— Но это не фемизация тех самых наветов, которые вы, по-видимому, имели в виду. Человек рождается с нулем, один с одним, другой с десятью, но для того чтобы он стал единицей, нужны обстоятельства, нужна среда.
— Представьте себе две формы, допустим железный шар и коралл. Шар кажется очень организованным, коралл — анархичным, ибо нет кораллов, похожих друг на друга. Проплыла рыба, задул над океаном ветер — коралл меняется. Каждый коралл похож только сам на себя и ни на что другое, но в нем заложена мощная генетическая сетка, коралл — это очень мощное животное-растение. Так вот, как образ исчерпывающий, я сравнил бы коралл с западной цивилизацией. Да, внешне она выглядит анархичной, незащищенной, иногда кажется, что в ней царит беспорядок, хаос. Некоторые наши русские ребята в Нью-Йорке хотели бы навести в этой цивилизации порядок, но каким образом?! Надеть сапоги, взять в руки автомат. Но вот эта западная цивилизация умеет защищаться, самосохраняться, она штука биологическая, она меняется, она нестабильна в течение даже одного дня, она склонна и к плохому и к хорошему, она все время меняется. А теперь возьмем шар. И представим, что внутри этого шара люди хотят выйти на свободу, чтобы изменить этот шар. Они пилят этот шар. И выходят.
Почему я предчувствовал изменения, которые грядут? Потому что в своей советской жизни я не встречал не-диссидентов. Ни разу. Недовольными были все. Даже мои друзья-милиционеры одно время были недовольны, что у них отняли палки. И они немного были тоже диссидентами. Гонимые были недовольны, и гонители недовольны, различные национальные меньшинства недовольны, и русские недовольны, все недовольны всем…
Так что если конкретно отвечать на такие вопросы, то становишься пошляком, а не конкретно отвечать — как будто уклоняешься от ответа.

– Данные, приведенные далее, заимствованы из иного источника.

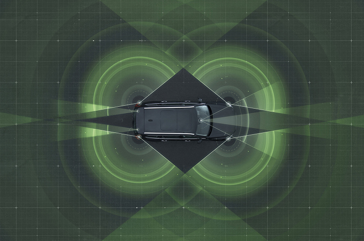 Surround radars. Four radars behind the front and rear bumpers (one on each corner of the car) are able to locate objects in all directions. By sweeping both left and right, transmitting waves that bounce off signs, poles, and tunnels, they monitor a full 360-degree around the car.
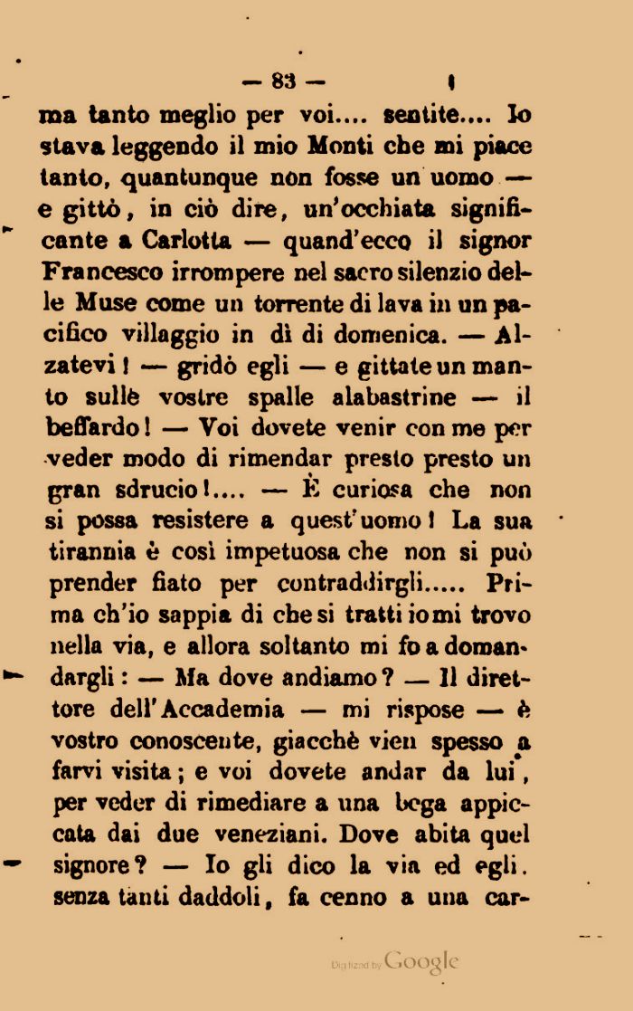 — 83 — t ma tanto meglio per voi.... sentite.... Io stava leggendo il mio Monti che mi piace tanto, quantunque non fosse un uomo — e gittò, in ciò dire, un'occhiata significante a Carlotta — quand'ecco il signor Francesco irrompere nel sacro silenzio delle Muse come un torrente di lava in un pacifico villaggio in dì di domenica. — Alzatevi , •— gridò egli — e gittate un manto sullfe vostre spalle alabastrine — il beffardo ! — Voi dovete venir con me per veder modo di rimendar presto presto un gran sdrucio 1.... — E curiosa che non si possa resistere a quest'uomo 1 La sua tirannia è così impetuosa che non si può prender fiato per contraddirgli..... Prima ch'io sappia di obesi trattiiomi trovo nella via, e allora soltanto mi fo a domandargli : — Ma dove andiamo ? — 11 direttore dell'Accademia — mi rispose — è vostro conoscente, giacché vien spesso a farvi visita ; e voi dovete andar da lui, per veder di rimediare a una boga appiccata dai due veneziani. Dove abita quel signore? — Io gli dico la via ed egli, senza tanti daddoli, fa cenno a una car- ![]() |
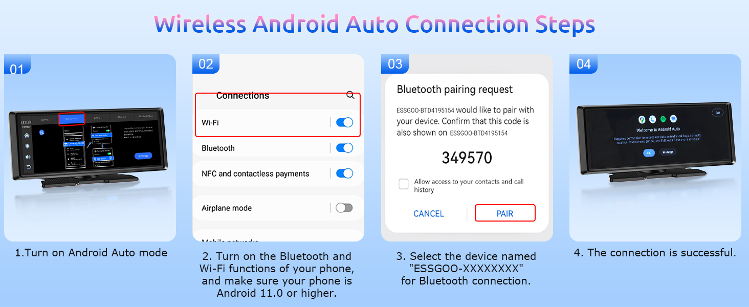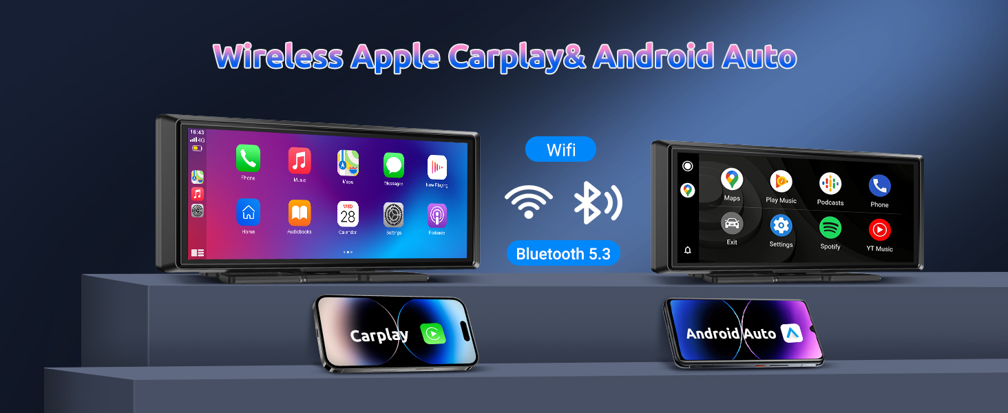 【Wireless Apple CarPlay and Android Auto】This car multimedia display is compatible with wireless Apple CarPlay and wireless Android Auto functions.

— Что такое для вас свердловский период жизни и творчества? Какие связи вы поддерживаете с земляками? И еще. ваша сестра, где она сейчас?
— Я родился в Свердловске. Мой дед был одним из организаторов Петербургского промышленного училища, он был богатым человеком. Я рос в Свердловске, ушел на фронт, вернулся в Свердловск инвалидом Отечественной войны первой группы. Женился в Свердловске, моя дочка родилась в Свердловске. Мама была оргсекрета-рем Союза писателей Урала при Бажове, мой отец был директором детского отделения железнодорожной клиники. Со Свердловском меня связывает очень много, хотя, в общем, уже после войны я там не жил. К этому городу у меня очень двойственное чувство, сентиментальное чувство детских воспоминаний и большая нелюбовь, потому что этот город был суровым городом по отношению к родственникам, к маме и всем, мы были лишенцами, и много пришлось хватить лиха. Там расстреляны братья моего отца. Но были и остались в памяти прекрасные моменты. И сейчас я очень рад, что ребята из Свердловска, глубокие, умные, смелые, пишут письма моей маме, с некоторыми я здесь уже встречался. Свердловск я чувствую городом, где я родился.
— Как вы относитесь к проблеме возвращения эмигрантов на родину?
— Насколько я знаю, почти никто из творческих лю дей не собирается возвращаться, но все хотят приехать с лекциями.
— Вы довольны приездом в СССР?
— Очень сложное чувство. Я человек практический и буду доволен, если это принесет пользу. А вообще, я здесь смертельно устал. Единственное удовлетворение принесло мне свидание с друзьями, семьей, с подругами молодости.
— Вы, видимо, не успели еще познакомиться в достаточной мере с нашей жизнью, но скажите, появилась ли бы у вас необходимость уезжать обратно в США?
— Вопрос поставлен неправомочно. Мне 64 года, я прожил на Западе уже много лет. В Америке я имею много заказов, план выставок на ближайшие пять лет. Кроме того, у меня есть недвижимость, я не бедный человек, а здесь у меня нет ни работы, ни мастерской, ни квартиры. ничего. Как вообще можно сопоставлять такие вещи? Если даже бросить на весы сентиментальность, то я не думаю, что она перевесит всякие жизненные возможности там, на Западе. Да я, честно говоря, вообще не сентиментальный человек.